**** Data for analysis ****
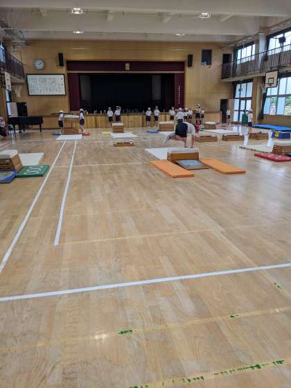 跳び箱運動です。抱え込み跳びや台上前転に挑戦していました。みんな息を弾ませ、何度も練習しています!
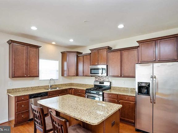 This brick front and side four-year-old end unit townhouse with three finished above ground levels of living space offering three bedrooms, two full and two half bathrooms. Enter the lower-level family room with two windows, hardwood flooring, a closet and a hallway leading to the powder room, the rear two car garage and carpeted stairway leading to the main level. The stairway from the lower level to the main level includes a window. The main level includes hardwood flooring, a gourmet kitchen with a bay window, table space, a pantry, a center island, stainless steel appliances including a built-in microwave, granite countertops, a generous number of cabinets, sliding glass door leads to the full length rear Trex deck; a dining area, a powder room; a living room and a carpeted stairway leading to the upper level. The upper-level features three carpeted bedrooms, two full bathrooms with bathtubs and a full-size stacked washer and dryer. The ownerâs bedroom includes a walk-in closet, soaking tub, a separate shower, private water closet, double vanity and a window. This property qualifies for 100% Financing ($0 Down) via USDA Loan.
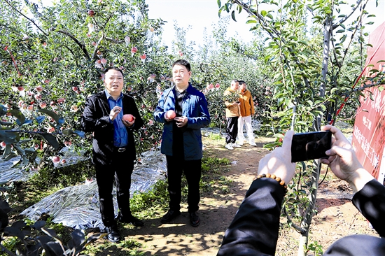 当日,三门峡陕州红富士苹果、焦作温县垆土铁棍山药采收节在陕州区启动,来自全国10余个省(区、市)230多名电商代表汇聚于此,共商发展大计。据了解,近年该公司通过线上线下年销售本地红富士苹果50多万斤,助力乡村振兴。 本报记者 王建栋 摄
****
**** Data for analysis ****
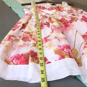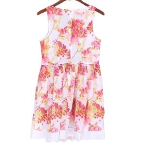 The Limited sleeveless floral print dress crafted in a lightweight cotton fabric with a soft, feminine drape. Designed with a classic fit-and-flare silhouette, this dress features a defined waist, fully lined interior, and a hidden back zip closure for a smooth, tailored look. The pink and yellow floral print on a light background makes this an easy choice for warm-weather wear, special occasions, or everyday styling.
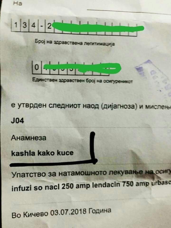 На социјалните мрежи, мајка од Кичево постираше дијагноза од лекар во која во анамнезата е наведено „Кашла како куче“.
****
• [What you should do]:
Restate word for word every line from the one with "The Limited sleeveless" up to and including the one with "На социјалните мрежи, мајка" in the records above, minus the pictures.

• [Answer to the problem]:
 The Limited sleeveless floral print dress crafted in a lightweight cotton fabric with a soft, feminine drape. Designed with a classic fit-and-flare silhouette, this dress features a defined waist, fully lined interior, and a hidden back zip closure for a smooth, tailored look. The pink and yellow floral print on a light background makes this an easy choice for warm-weather wear, special occasions, or everyday styling.
 На социјалните мрежи, мајка од Кичево постираше дијагноза од лекар во која во анамнезата е наведено „Кашла како куче“.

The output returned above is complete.